Kim is the author of The Relationship Center blog; creator of Empowerment Parenting, a 25-hour parenting curriculum for court-mandated parents; and owner of Academy of Choice, a BCC (Board Certified Coach) Coaching Program. Kim worked five years as a counselor for schizophrenics in a community-based residential program, 17 years holding various positions with a specialized foster care agency, was Executive Director of Glasser Institute for Choice Theory - US for nine years and the Executive Director for William Glasser International for eight; and founded her own company, Coaching for Excellence, in 2005. 

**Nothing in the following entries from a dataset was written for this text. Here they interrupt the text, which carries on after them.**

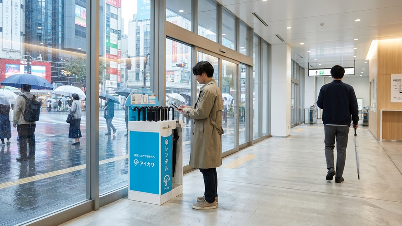 ビニール傘の使い捨てや、個人での傘の管理といった課題から解放される新しい方法として、傘のシェアリングサービスが普及しつつあります。これは、必要な時に、必要な場所で傘を借り、使い終わったら最寄りの専用スポットで返却できる仕組みです。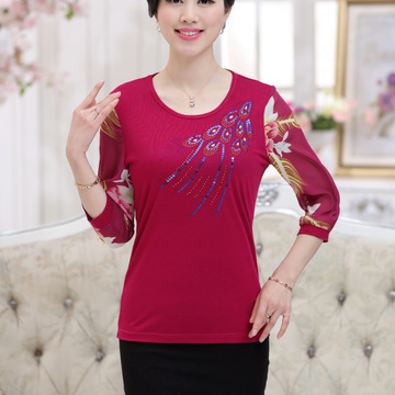 2016春秋新款時(shí)尚媽媽裝中年女雪紡長(zhǎng)袖T恤大碼中老年女裝打底衫 /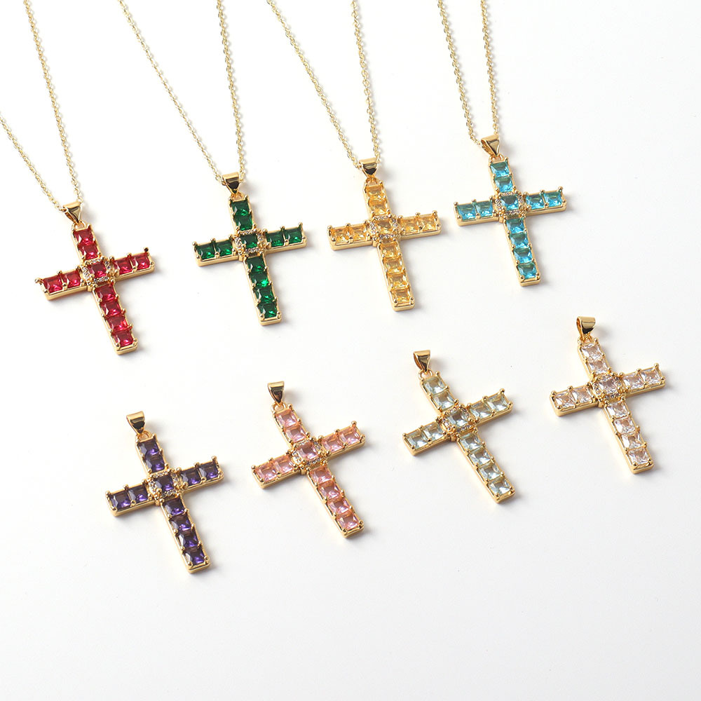 European and American Cross-Border Women's Necklace Sweater Chain Fashion Colorful Crystal Mixed Color 3-Color Religious Cross Exquisite Pendant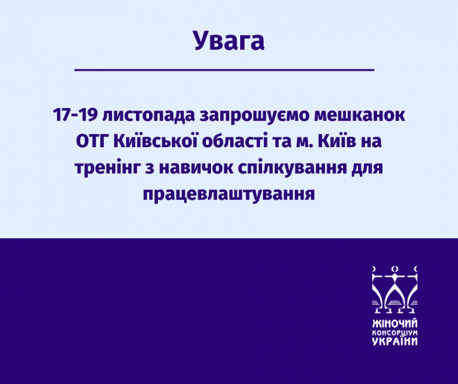 17-19 листопада запрошуємо мешканок ОТГ Київської області та м. Київ на тренінг з навичок спілкування для працевлаштування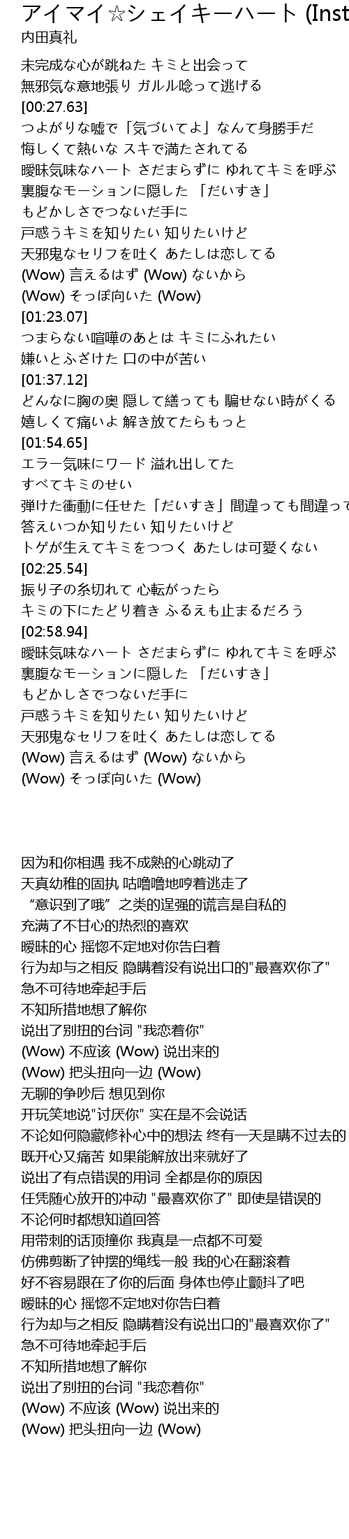| Song | アイマイ☆シェイキーハート (Instrumental) |
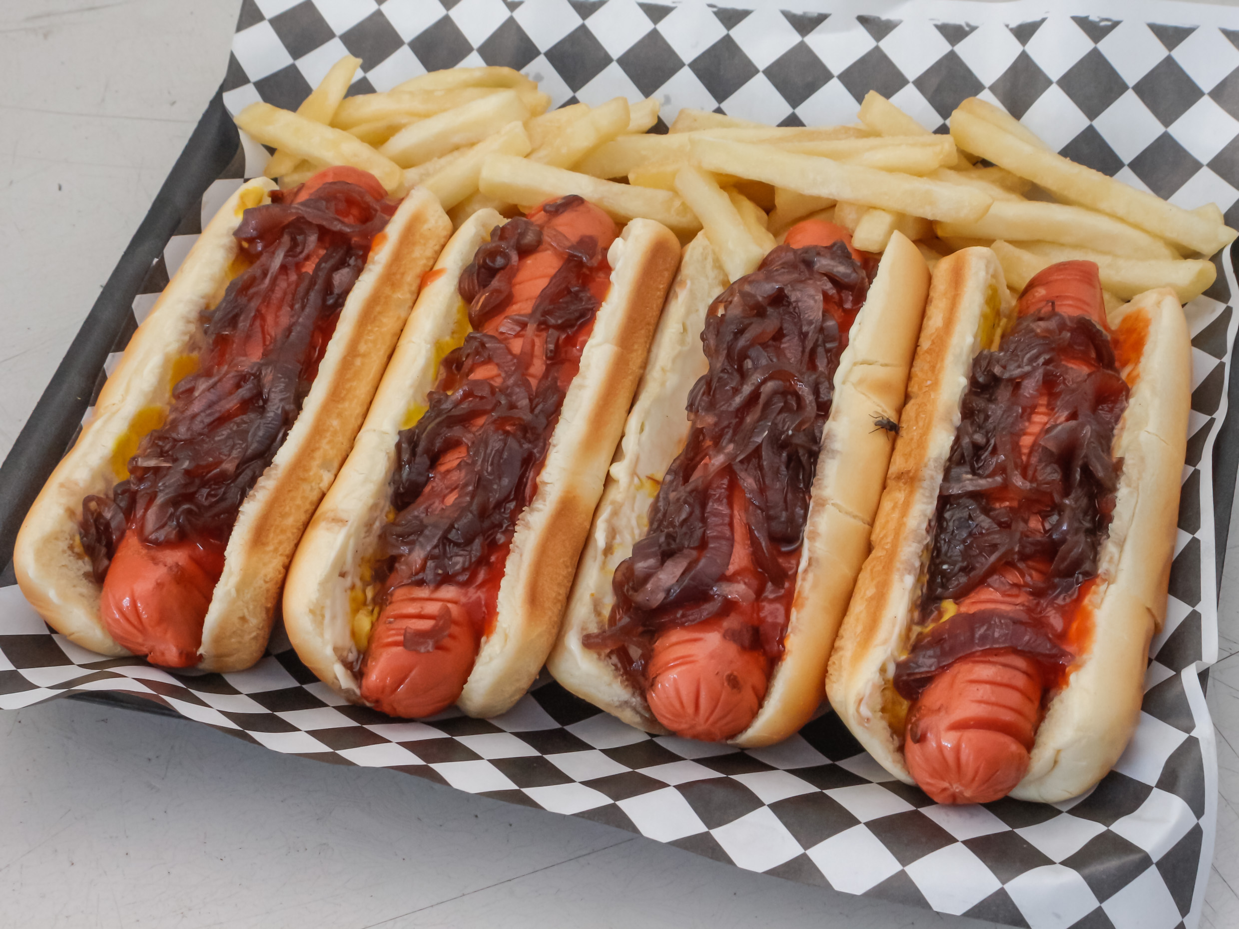 4 Hot sencillos, cebolla caramelizada, cátsup, mostaza, mayonesa, papas a la francesa, chiles de la casa

She is a model of what she teaches about taking responsibility for the things she can influence and control and finding appreciation for those things she can't. Kim believes radical responsibility and awesome appreciation are the keys to a happy, peaceful, satisfying life.







8 comments:

Judith Ashley said...

"Prioritizing the needs of your relationship" is key to a good working relationship and gives new direction to figuring out the best way to communicate with each other. Thanks for sharing your expertise with us this weekend, Kim.

kimolver said...

Thanks so much for the opportunity.

Maggie Lynch said...

Interesting. I've never heard of the platinum rule. I can see how it would work. I'm not sure I agree with it completely though.

It seems to me if one wants sex, they should be able to state that. Or if one wants romance they should be able to state that. Now, if they both want the same thing: sex and romance but try to get it in different ways, I can see how the platinum rule works.

Of course, getting partners to actually state what they want is difficult. Or to get them to express ideas about the interconnection of sex and romance. I often wonder if as relationships mature, people may want something different but give up on trying and fall into a pattern of neither one getting what they want/need.

Diana McCollum said...

Interesting blog post! I'll check out your blog too.

Sarah Raplee said...

You've definitely given me food for thought, Kim. Thank you for Guesting at RTG.

kimolver said...

Thank you for commenting. I’m glad you’re thinking... The pleasure was all mine!

kimolver said...

Of course, you are right! Direct communication is best but when a person keeps asking for what they prioritize and the other person feels ‘used,’ effective communication often stops. And then, like you said, people give up. This is just another way to approach the issue. Thanks for taking the time to comment. I really appreciate it.

kimolver said...

Thanks, Diana!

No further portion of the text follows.